# Where do you buy your music?



## zootMutant (Jun 24, 2018)

The last thread I see with this title was from 8 years ago. A lot can happen in 8 years: streaming, for one.

Do you purchase your music as CDs? Digital format for downloading? On-line streaming? Who do you buy your music from?

Cheers,
zoot


----------



## Guest (Jun 29, 2018)

Most of the music I buy is in the form of tickets to concerts or scores from sheetmusicplus. Streaming on premium online services is also good fun. Sometimes I buy opera DVDs from actual shops, same as CDs, but this isn't how I primarily purchase music.


----------



## Eva Yojimbo (Jan 30, 2016)

It depends. The only physical discs I try to purchase these days are multi-channel SACDs (which are rarely available for download) and occasionally luxurious box sets from my favorite composers/artists. Other than that, I try to buy everything in a digital format and store it on my NAS. There are a variety of online sources for digital purchases; Presto Classical may have the largest selection, but I also buy some from Chandos, HDTracks, and Pristine Classical. For stuff that's not available for download purchase, I'll usually buy the discs, rip them, and then resell the discs at a loss (so I'm still paying for the content).


----------



## mbhaub (Dec 2, 2016)

I only buy physical cds. So many people say the cd is dead, but not in the classical area. I have no interest in downloading. My cd collection is vast and should cd production completely cease, no worry here. My only concern is having a player to put them it. Getting a decent cd player these days is a problem.

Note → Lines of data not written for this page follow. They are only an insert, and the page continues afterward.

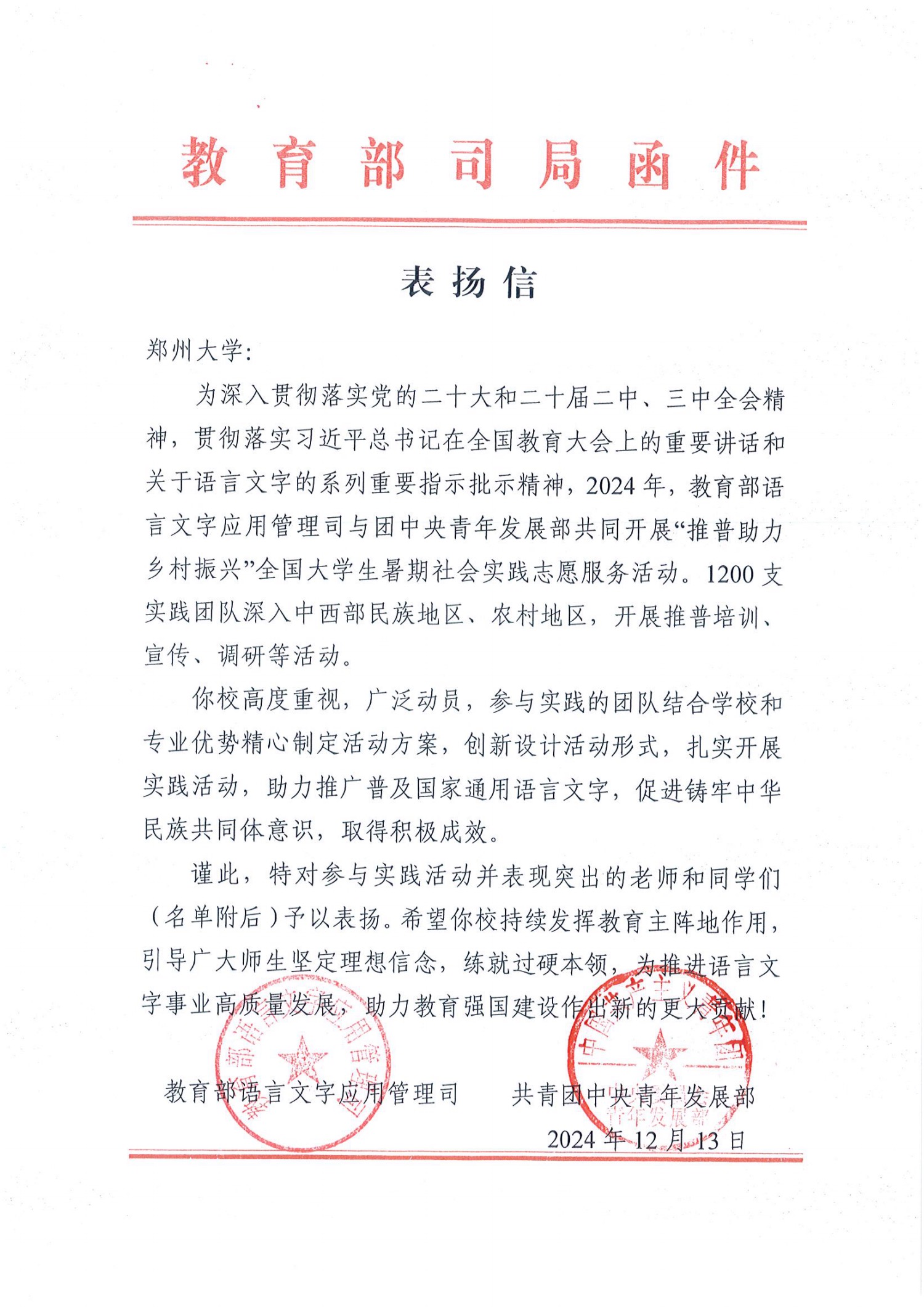 日前,教育部语言文字应用管理司和共青团中央青年发展部向pp电子官方网站发来表扬信,对pp电子官方网站师生在2024年“推普助力乡村振兴”全国大学生暑期社会实践志愿服务活动所作出的积极贡献予以表扬。这也是pp电子官方网站又一次获教育部和团中央来信表扬。
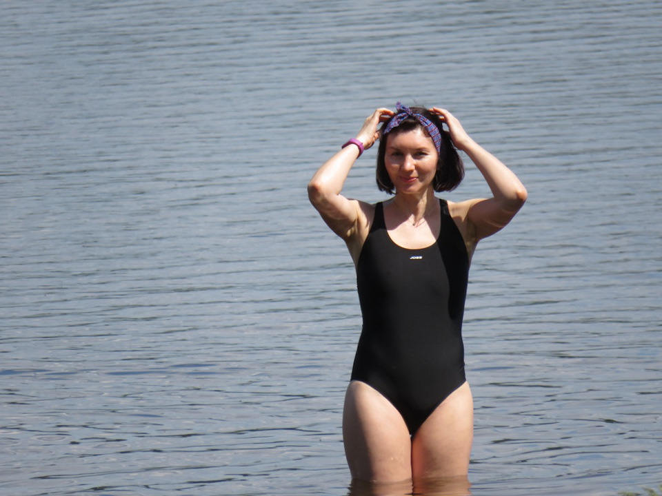 Жена тем временем "разведывает" воду и с радостью отмечает, что она теплая. Открываем купальный сезон! Замечательно проводим большую часть дня, загорая и купаясь.
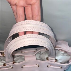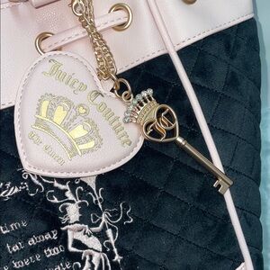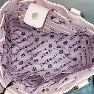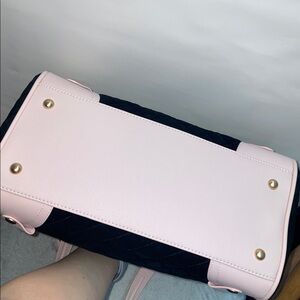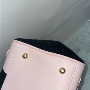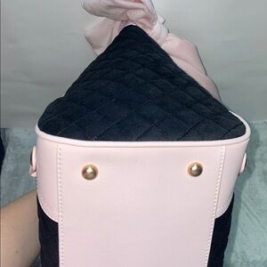 NWT black quilted polyester & blush pink vinyl Juicy Couture ‘Juicy Tale’ tote. No exterior/interior flaws or odors. The shoulder straps are not removable or adjustable. They are in new condition. The interior has 2 slip pockets & 1 zip pocket. No flaws or odors. 12.5”L x 11”H. 9.5” shoulder drop.
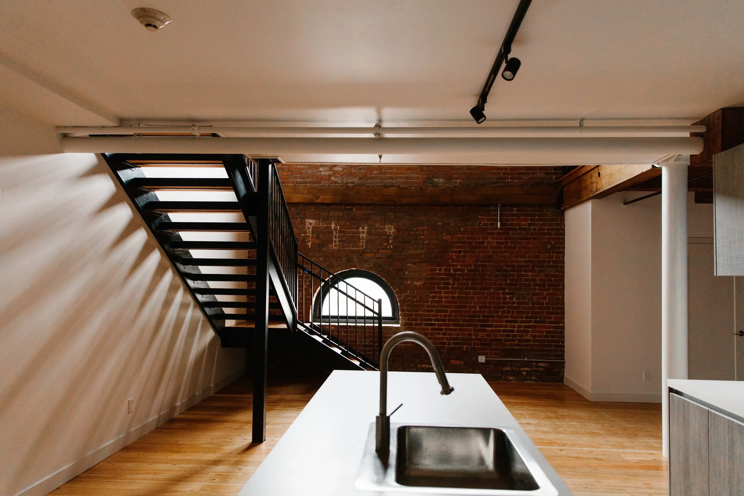 The meticulous renovation preserves defining features of the building’s industrial and ecclesiastical past while introducing high-end contemporary finishes. Units range from studios and one-bedroom apartments to two-bedroom lofts and duplex townhouses, each benefiting from elements like high ceilings, exposed brick, hardwood floors, oversized windows, and abundant natural light
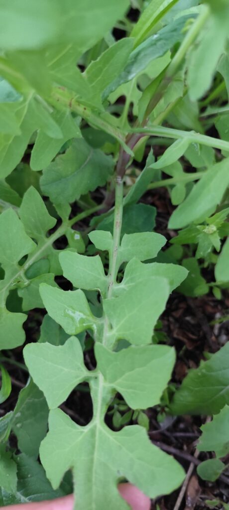 This plant forms a basal rosette of deeply lobed, soft-textured green leaves. The leaves resemble those of lettuce, which explains its common names.
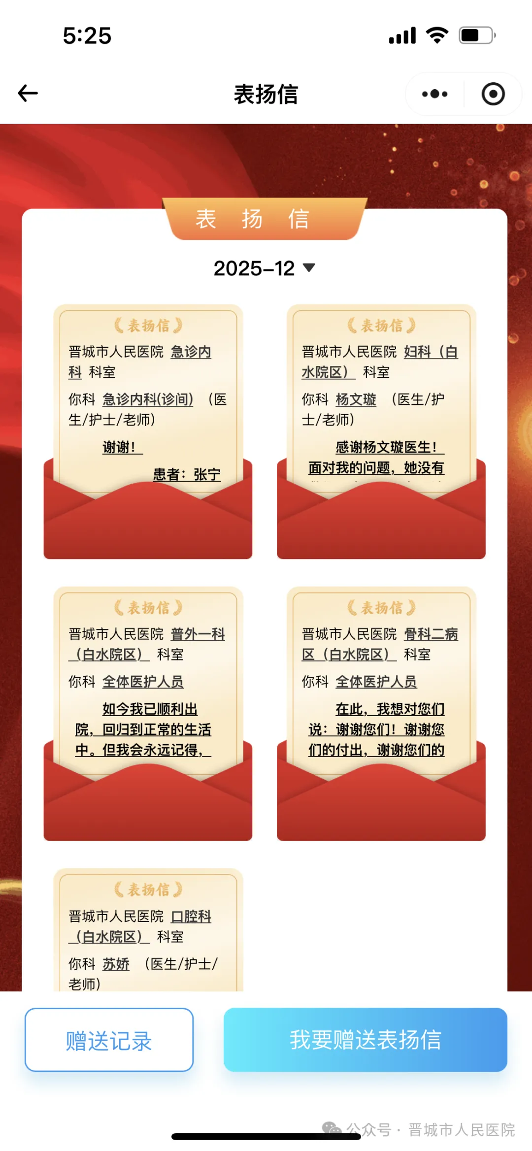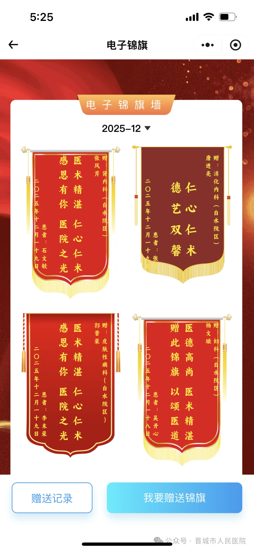 晋城市人民医院建议大家,在感受到医术的精湛、服务的贴心时,不妨打开医院小程序,用电子锦旗或表扬信,让这份感动被看见、被铭记。(成宇珍 开西 赵波 韦高文)

Where do I buy? Amazon, Berkshire Record Outlet, Pristine, jpc (Germany) and Arkivmusic. And more and more, Ebay. For new classical releases, the best source by far is Records International out of Tucson. They get new, rare music that you can't easily find anywhere else.

Used book stores also seem to carry some classical, but rarely do I find anything worth taking.


----------



## Phil loves classical (Feb 8, 2017)

Physical CD's from Amazon, Discogs, and third party sellers. Beats the stores here in price and selection. A lot stingier now with a bigger collection, and I don't regret buying the CD's I choose to buy, now with Spotify to filter through. Used to be hit or miss, with only a biased record /cd buying guide. I noticed they don't even sell these guides in the bookstores I go to anymore.


----------



## SixFootScowl (Oct 17, 2011)

Mostly Amazon and Ebay, but also Dearborn Music (real brick and mortar store), library sales, occasionally elsewhere.


----------



## EddieRUKiddingVarese (Jan 8, 2013)

I buy almost exclusively Vinyl these days and only the odd CD that I can not get in the black stuff............


----------



## senza sordino (Oct 20, 2013)

I buy from a classical music cd shop, the last one in the entire region. I browse, and talk to the people who work there. They order CDs for me too.


----------



## Art Rock (Nov 28, 2009)

Mostly CD's, from internet (jpc, German amazon) and increasingly second-hand from thrift stores for ridiculously low prices.


----------



## Enthusiast (Mar 5, 2016)

When I buy CDs they will most likely be used from Amazon, eBay or Discogs - I generally check out the offers on all three before choosing. I look for the cheapest in at least good condition and avoid certain large sellers (after many bad experiences with them). The prices for used CDs do fluctuate so I sometimes wait for a price fall. I do also occasionally buy downloads if the price is right. But if a download becomes essential to me I will want to replace it with a proper CD. 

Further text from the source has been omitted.